It can be really tough to figure out what's genuinely useful and what's just a lot of hot air in the world of AI.
We're constantly trying to sift through the excitement and the uncertainty, distinguishing true signals from background noise, and ultimately, work out what actually makes sense for specific industries.
Having built AI agents for various sectors, we've had to look at their underlying architecture from a slightly different angle.
Large language models (LLMs) tend to perform best, where folks are a bit more tolerant of risk, and where it's easier to check if things are working correctly.
And the big lesson we've learned is that what works brilliantly in one area doesn't necessarily translate across to others.
Every industry, every specialism, has its own unique set of limitations, its own risk profile, and its own messy data reality.
So What Makes an AI Agent Tick?
When we talk about AI agents and these sophisticated multi-agent systems, we're not talking about one single magical entity. Instead, think of them as a clever blend of several key components.
Old School AI: Traditional ML
First up, we've got the stuff that was around long before generative AI burst onto the scene. This is your classic AI and machine learning (ML), and it's still incredibly important, sometimes even more so than the newer tech.

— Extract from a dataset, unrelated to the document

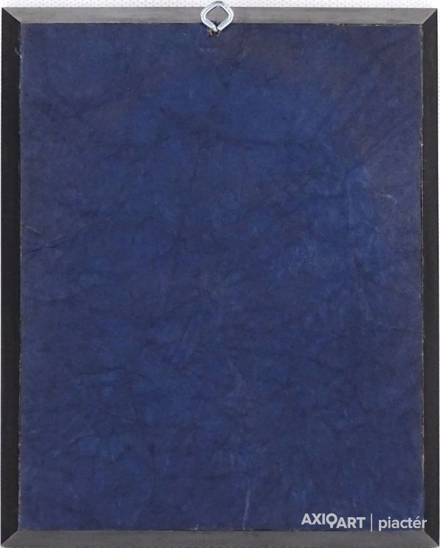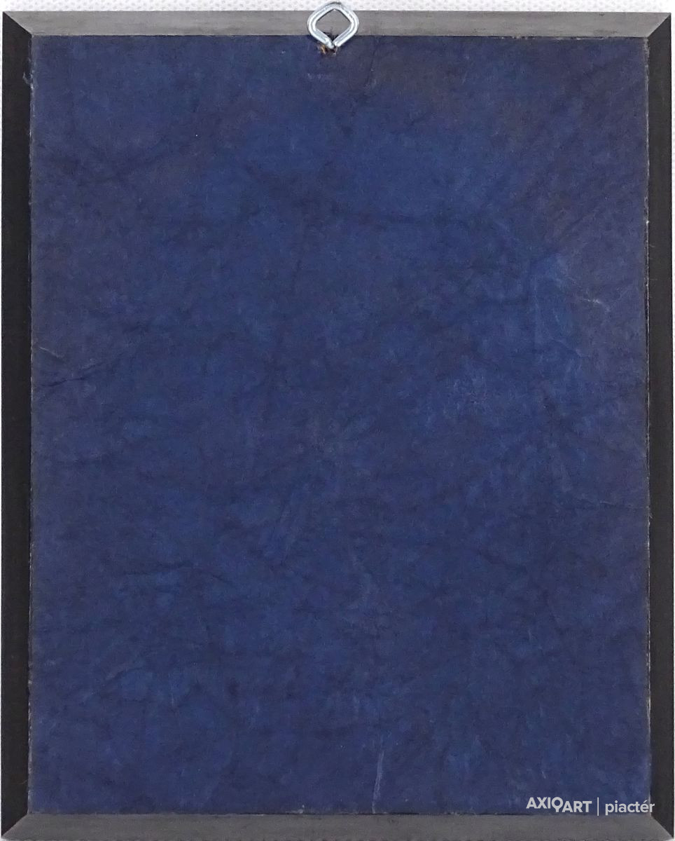 [1Y029/Z018] Olaj farost festmény, üveglap mögött, hibátlan képcsarnokos keretben. Hátoldalán Képcsarnok Vállalat papír címkéje: A művész neve: SCHÉNER MIHÁLY A kép címe: TÁJ Magasság: 66.5 cm Szélesség: 86 cm Súly: 6.54 kg Schéner Mihály festő, grafikus, szobrász, keramikus, bábtervező Medgyesegyháza, 1923-01-9 Elhalálozott: Budapest, 2009. május 11. Honlap: http://www.kormendigaleria.hu/kiadvany.html 1942-1947: Magyar Képzőművészeti Főiskola, tanára: Rudnay Gyula. 1978: Munkácsy-díj; 1984: érdemes művész; 1989: kiváló művész; 1995: Kossuth-díj. 1992-től a Magyar Művészeti Akadémia, 1993-tól a Széchenyi Irodalmi és Művészeti Akadémia tagja. 1956-ig tanított. 1982: Nagyatádi Faszobrász Alkotótelep, 1985: Nemzetközi Acélszobrász Alkotótelep, Dunaújváros. A stílusában felismerhető, mégis sokféle műtárgyat létrehozó ~ gazdag, állandóan alakuló életműve a folyton változó világban helyét kereső, az alkotói szabadságot megvalósító XX. századi képzőművész példázata lehetne. Magát expresszív-szürrealista alkotónak nevezi. Egyaránt dolgozik festékkel, textillel, fával, fémmel. Rajzol, szerkeszt, farag, épít, gyúr, varr és ragaszt, felhasználja a mézesbábok öntőformáit. Festő, rajzoló, textilszobor- és bábkészítő, fazekas, asztalos, esztergályos. Háromlépcsős folyamatban gondolkozik: rajzban tervez, majd fest, szobrot készít, “formába önt”, mindig a végső plasztikai megoldást keresi. Ami állandó és mégis játékosan változékony megjelenésű Schéner művészetében, az a gyermekkori emlékek által meghatározott népi mesterségek iránti tiszteletet kifejező motívumkincs, a tárgyi folklór formakészlete, amely már-már kézjegyként ismétlődik munkáin. Mitologikussá nőtt képzelete új lényeket teremt, pl: a Pigulát, amely disznótestű, emberfejű teremtmény. Schéner festményein a szürrealista motívumokat konstruktív szerkezetbe rendezi, a geometriát és az organikus természeti motívumokat egyaránt beépíti műveibe. A népi, népművészeti formakincsből merített lovas huszárok, betyárok, szegénylegények cifra szűr mentéje, piros csákója, fekete csizmája, az önálló életet élő zsinórdíszek és mézeskalács bábok, a kiskocsik a gyermekkori vásárok, búcsúk színes forgatagába vezet. A primér motívumokat aztán felváltják a vastagon felhordott felületbe karcolt jelek, vonalhálózatok, amelyek a játszó gyermek homokba rajzolt ábráit, a pásztorember fába vésett üzeneteit, az ősember barlang falába rótt mágikus jeleneteit idézik meg. A művész pillanatnyi érdeklődésének megfelelően a színek búvópatakként tűnnek el és jelennek meg ismét. A 60-as években leginkább a formákkal való játék érdekelte, a festmények felülete egyre gazdagodott: a táblaképek felületén applikációk jelentek meg, vagy lemállasztott rétegek hagyták maguk után hiányukat, motívumok nélküli ősformák, archetipikus képzetek bukkantak fel művészetében. A véletlenszerűnek látszó rétegekkel való játék azonban tudatos komponálás eredménye, amely később nyilvánvaló ritmusnak és formai szerkesztettségnek adja át a helyét, mint a Törvénytáblák c. sorozaton. A különböző művészi kifejezési formák egymásra termékenyítő hatással vannak, át- meg áthatják egymást. Textilszobrai, amelyekkel új műfajt teremtett, ugyanazzal az automatikus, expresszív-szürrealista módszerrel készülnek, mint festményei. A hagyományosan a népművészetben alkalmazott anyag, a filc lehetőséget ad a népi formakincs felelevenítésére, amely azonban a művész különös szürrealista átiratában jelenik meg. A szívekkel kivarrt, zsinórdíszes Posztókotlós c. művén mézesbábok lógnak, hátán huszárok lovagolnak. Egész sor textilből készült kéz-plasztikát alkot, amelyeket az ujjakra rávarrt díszekkel öltöztet, személyesít meg. A színes-különös világból aztán ~ újra puritán képi és formai rendbe juttatja el a nézőt, majd nemsokára tépett, gyűrt, vágott, csorgatott, repedezni hagyott szenvedélyesen vonagló képi felületeket hagy hátra. Schéner készített apró gyermekjátékokat, térstruktúra-tereket, mászókákat is. A magyar népi formák mellett szürreális játékaiban gyakran alkalmaz görög mitológiai alakokat, “elkentaurosodott” lovakat, Gorgó-fejeket, sellőket, hárpiákat, Pán-ábrázolásokat. Schéner nemcsak saját művészetéről publikál, hanem művésztársairól is számos írása jelenik meg, elsősorban az Új Auróra c. folyóiratban, amelynek egy ideig főmunkatársa volt. Irodalom kiállítása, Magyar Építőművészet, 1962/4. Húsz év után, Művészet, 1965/4. BOZÓKY M.: ~, Tiszatáj, 1968/5. PERNECZKY G.: Nincs uborkaszezon, Élet és Irodalom, 1969. augusztus 8. BARÁNSZKY-JÓB L.: ~, Művészet, 1969/9. LÁSZLÓ GY.: ~ kaposvári kiállítása, Jelenkor, 1969/4. MAJOR M.: Pásztorok, betyárok, huszárok - kezek, Tükör, 1970. szeptember 15. FRANK J.: Bemutatjuk ~t, Élet és Irodalom, 1972. május 6. ról kiállítása ürügyén, Képzőművészeti Almanach, Budapest, 1972 Sötétkék kokasok, Élet és Irodalom, 1973. szeptember 9. MAJOR M.: ~ játékai, Élet és Irodalom, 1974. július 27. BARTA J.: Egy különös művész, Alföld, 1974/6. VADAS J.: Szárnykészítők, Élet és Irodalom, 1975. október 4. JUHÁSZ F.: A halál ellen játszani, Élet és Irodalom, 1975. május 17. PAP G.: Kincsek és műkincsek, Művészet, 1975/6. P. SZŰCS J.: Az utak kettéválnak, Művészet, 1978/3. Békési művészet, Művészet, 1978/7. SZAMOSI F.: ~ [kismonográfia], Budapest, 1978 VADAS J.: Játék a játékkal, Élet és Irodalom, 1979. augusztus 18. NÉMETH L.: ~ műveiről, Művészet, 1979/4. MIKLÓS P.: Mit akar ez a múzeum?, Művésze

This includes things like:
- Machine Learning algorithms: All those clever bits of maths that help computers learn from data, like regression (predicting numbers), classifiers (sorting things into categories), and clustering (finding groups).
- Predictive models: Systems that try to guess what's going to happen next based on past data.
- Recommendation systems: You know, like when Netflix suggests your next binge-watch or Amazon recommends a product you may like.
- Custom algorithms and statistical models: Tailor-made solutions for specific problems.
- Domain-specific ML pipelines: Specialised sequences of ML processes designed for particular industries.
Here's the thing: not every company that says it "uses AI" is actually playing in the agent space. Many are just running these deterministic ML pipelines or analytical engines.
The real magic happens when you start combining these traditional methods with human oversight and modern agent architecture. Imagine taking insights from these models and then dynamically acting on them, much faster, with a human guiding the overall direction. It's about intelligence driving action, with humans still firmly in the driver's seat. This is where you start to see the true potential of human-AI skill fusion.
The Logic Machine: Workflows and Automations
Next, we have workflows, bots, and automations. Now, these aren't "AI agents" in the modern sense; they're essentially just logic. But they're a crucial part of any agent system, though the level of their involvement depends heavily on the task and domain.
We're talking about:
- Hard-coded flows: Simple "if X, then do Y" instructions.
- Sequential workflows: Tasks that happen one after the other.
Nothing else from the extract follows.